I'm trying to get back on track with medicine, I recently switched from Celexa and klonopin to Lexapro and ativan. I have issues with medicine compliance, I usually just forget or I'm too afraid of the side effects to take it. I also know that when I slack off or deviate from my coping mechanisms I feel worse, so I'm trying to get back on track with my journaling, guided imagery and progressive muscle relaxation.
I am doing much better, we've had a string of nice weather and I think it has made a world of difference. I'm still struggling with loneliness at times but I'm doing much better about getting out of the apartment at least every other day to grab dinner, or visit a friend. I'm starting to get anxiety about having to move again end of next month so I might start moving stuff to my parents gradually so I feel less overwhelmed.
I'm busy with work and have had some stressful days for the past couple weeks, but this is not insurmountable. This too shall pass and all that jazz. lol
"Why would you ruin perfectly good peanuts by adding candy corn? That's like saying hey, I have these awesome nachos, guess I better add some dryer lint." - Nonny
Congratulations on your 25 days, sigir. That's huge. You know you don't have to hang on by your fingernails. AA would give you an entire support system to help you through these first difficult days.
I find that going to AA meetings and meeting some women who understand really helps. My friends in sobriety will understand me, "get" me. Some of my best confidants are women I would have never met, had I not walked through the doors of AA.
Please keep posting here. I'm happy you joined in.
Thanks flex and courtneyloves. I actually looked up meetings this am and have decided to go bc I think it will help me more than solely relying on my dh. He is great but he does not get addiction at all and it does not seem fair to him to expect him to be my sole support. I really appreciate everyone's input.
Post by phoenixrising on Mar 21, 2015 20:01:13 GMT -5
Meh. My doctor changed my antidepressant, so I am waiting to see if that makes a difference, but my depression has been really bad for maybe the last two months. And my binge eating has been pretty constant lately. I am hoping she and I can come up with something else to help with that. Therapy is going well, in that I am actually engaging in therapy instead of pretending that everything is fine, and all of us in the ED group are kind of getting to know each other and settling in, which is good.
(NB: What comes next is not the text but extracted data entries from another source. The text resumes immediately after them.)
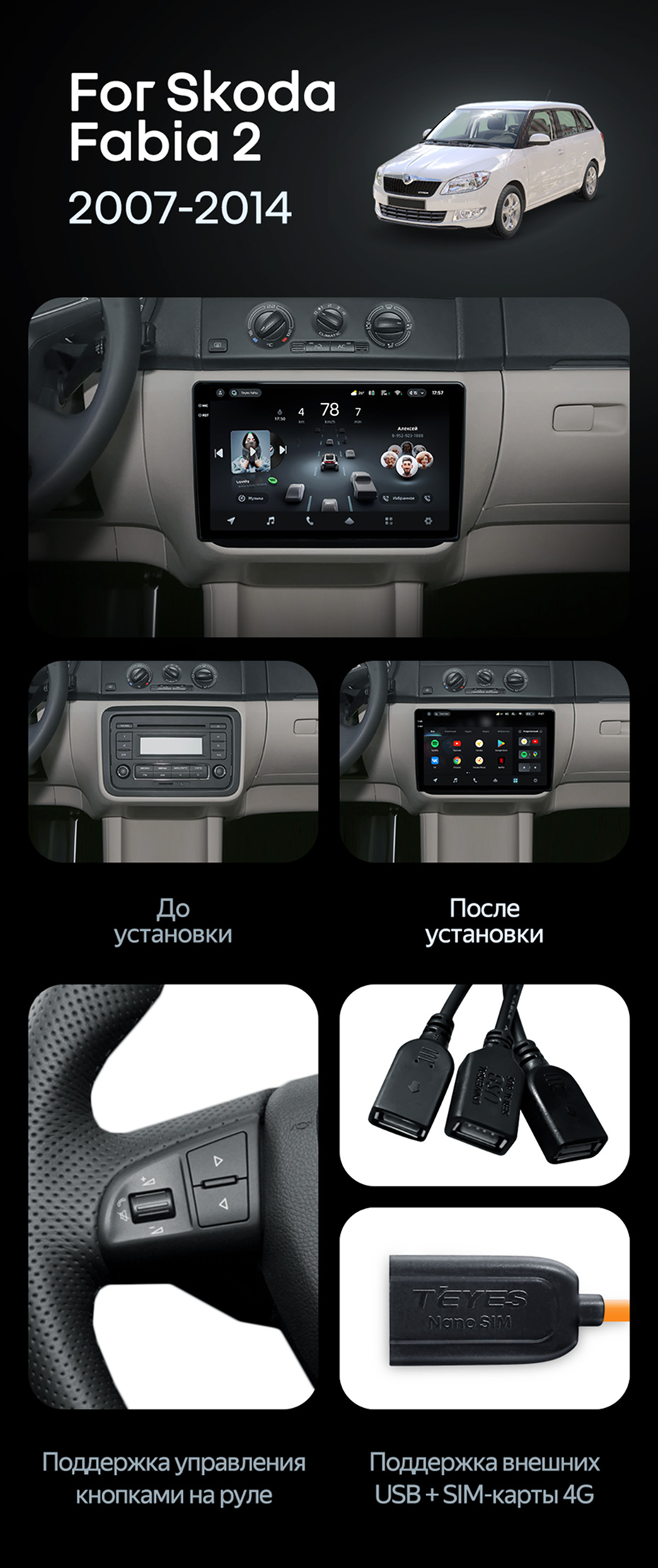 Штатная магнитола Teyes CC4 Pro 12/256 Skoda Fabia 2 (2007-2014) (13") - купить всего за 81 450 руб. в интернет-магазине в Нижнем Новгороде Teyes.com.ru. ✓ Самый лучший выбор мультимедиа ✓ Лучшая замена штатному ГУ ✓ Тел. +7 (800) 775-31-74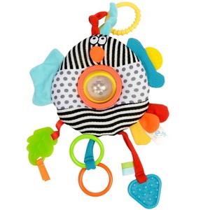 - This crazy character has so much play value! Made from the best quality fabrics in the brightest colours. There are 3 teethers, a spinning bead rattle, a buggy attachment, click clacking rings, ribbon tabs, crinkle and interactive pull through legs.
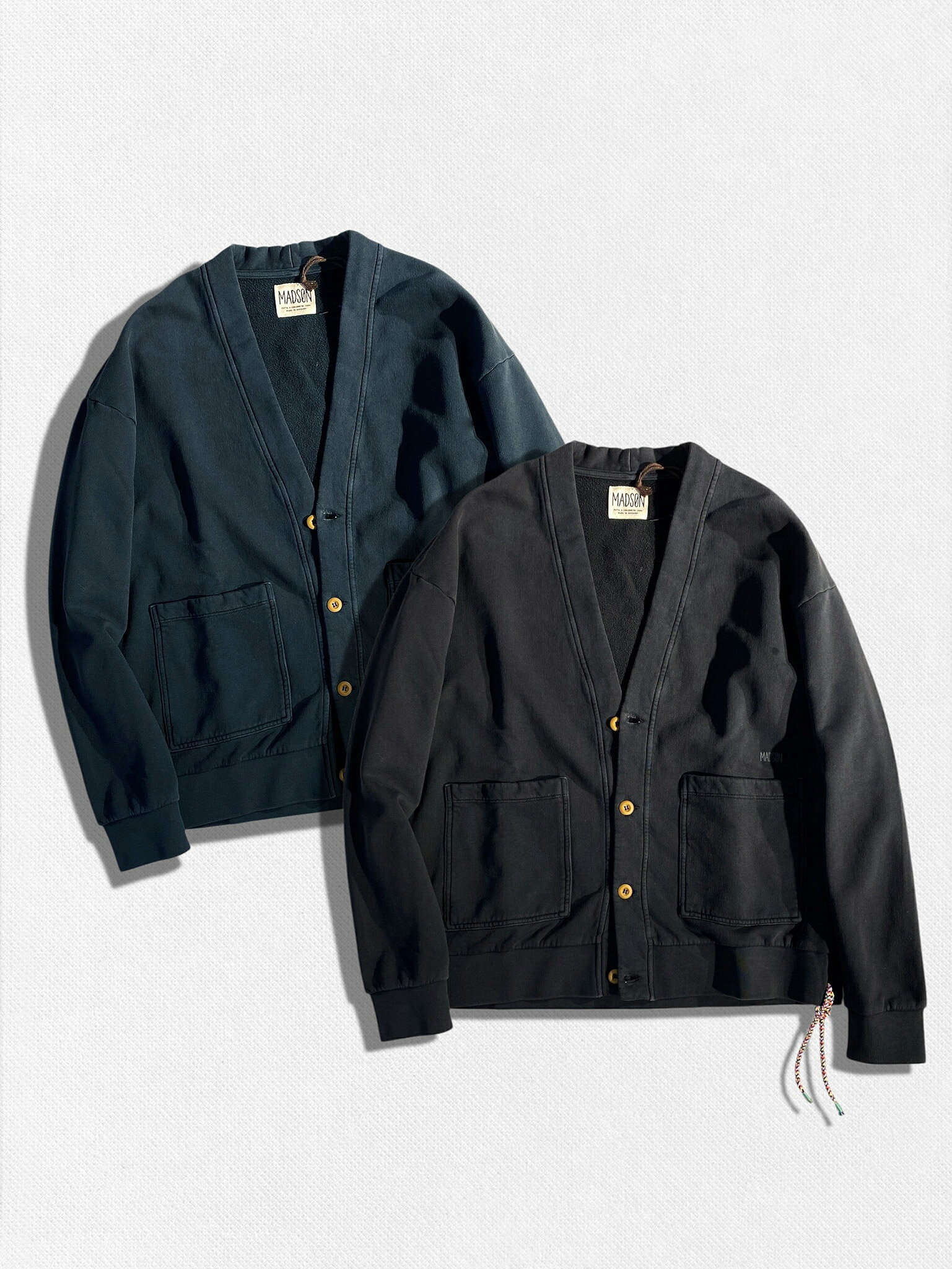 【定価26,400円(税込)】MADSON マッドソン サッと羽織るだけで都会的な品のあるリラックス感を演出する!ブランドロゴ入りウォッシュ加工スウェットカーディガン コットン ジャケット ブルゾン オーバーサイズフィット 22040060 ネイビー 伊製 イタリア製 メンズ マドソン

I'm doing well. I returned from a week long vacation to Florida late last night. I'm at work today on a few hours' sleep so I'm tired. The getaway was nice. H didn't drink so that was a positive. I stayed on my workout routine. I got shin splints my second day there, so I rented a bike instead and got my workouts in. I'm still working on trying to curb my tendency to overeat. I did OK on vacation, not great, but I didn't gain any weight.